The TOPS System was designed as an alternative to fusion and is a motion preserving posterior spine implant designed to provide dynamic stabilization to a single lumbar spine segment following decompression surgery.

Patients meeting all of the entry criteria will be randomized (2:1) to receive either the TOPS System or TLIF following decompression surgery.

Status:  Enrolling

Study:  Superion® IDS Clinical Outcomes Post-Approval Evaluation (SCOPE)

Condition:  Lumbar Spinal Stenosis (LSS); intended to treat patients suffering from pain, numbness, and/or cramping in the legs secondary to a diagnosis of moderate degenerative lumbar spinal stenosis. 

Brief Summary:

To compile real-work outcomes of the Superion® indirect decompression system (IDS) in routine clinical practice.  The Superion® IDS is an interspinous spacer that offers an alternative option in the treatment of symptomatic moderate LSS.  It is an FDA approved non-fusion, spinal column load-sharing, device used to stabilize the spine at the implanted level. When implanted between contiguous spinous processes, it is designed to restrict or limit extension at the affected spinal level and so reduce compression of neural elements in extension.

Status:  Enrolling

Active Studies with Closed Enrollment

Study:  Clinical Trial to Compare HF10 Therapy to Conventional Medical Management in the Treatment of Non-Surgical Refractory Back Pain (NSRBP)

Condition:  Non-surgical Refractory Back Pain

Brief Summary:

This study is being conducted to document the safety, clinical effectiveness and cost-effectiveness of high-frequency Spinal Cord Stimulator at 10 kHz (HF10™ Therapy) delivered through the Senza system in subjects with chronic refractory back pain (with or without leg pain) who are not considered candidates for spine surgery.

This study is a multi-center, prospective, randomized study to compare the two treatment groups:

  • Conventional Medical Management (CMM)
  • CMM with the addition of the Spinal Cord Stimulator (HF10 therapy)

Status:  Active; however, closed to enrollment

Study:  Clinical Trial to Validate a Patient User Interface of the Senza Spinal Cord Stimulation (SCS) System in the Treatment of Chronic Back and/or Leg Pain (PUI)

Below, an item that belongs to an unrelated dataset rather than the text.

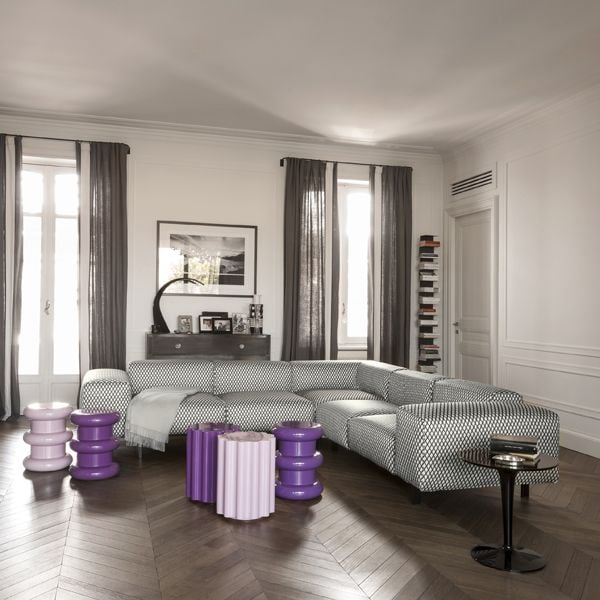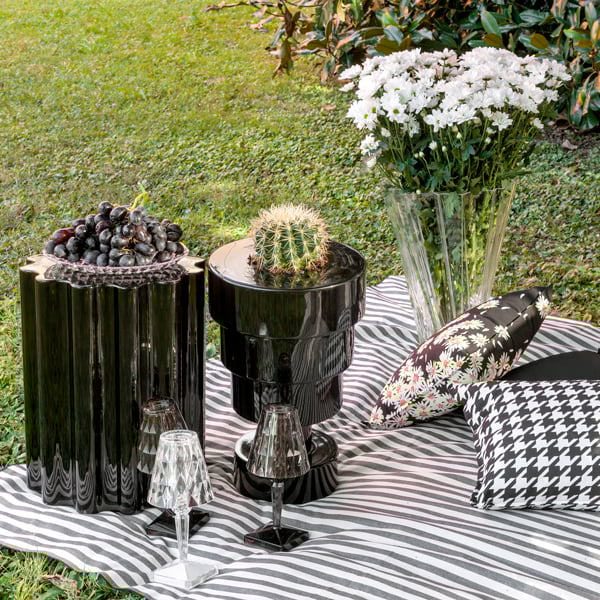 The Colonna stool is included in the "Kartell goes Sottsass - A Tribute to Memphis" collection, launched in homage to the movement founded by design guru Ettore Sottsass. Colonna's main asset is its versatility, allowing it to be used as either a stool or a side table.

Condition:  Chronic Back and/or Leg Pain

Brief Summary: 

The purpose of this study is to validate a patient user interface (a personal i-pad) to deliver HF10 therapy through the Senza system to the spinal cord in subjects with chronic back and/or leg pain.

Status:  Active; however, closed to enrollment

Study:  Patient Retrospective Outcomes (PRO)

Condition:  Chronic Pain

Brief Summary:

The primary objective of this study is to characterize real-world clinical outcomes with the use of various treatment approaches (e.g. Spinal Cord Stimulation (SCS), Radio Frequency (RF) procedure, Indirect Decompression System (IDS), etc.) for treatment of chronic pain.  This study will evaluate de-identified (anonymous) data to review the clinical outcomes of various chronic pain treatment approaches.  This study is a retrospective, multi-center, de-identified data review.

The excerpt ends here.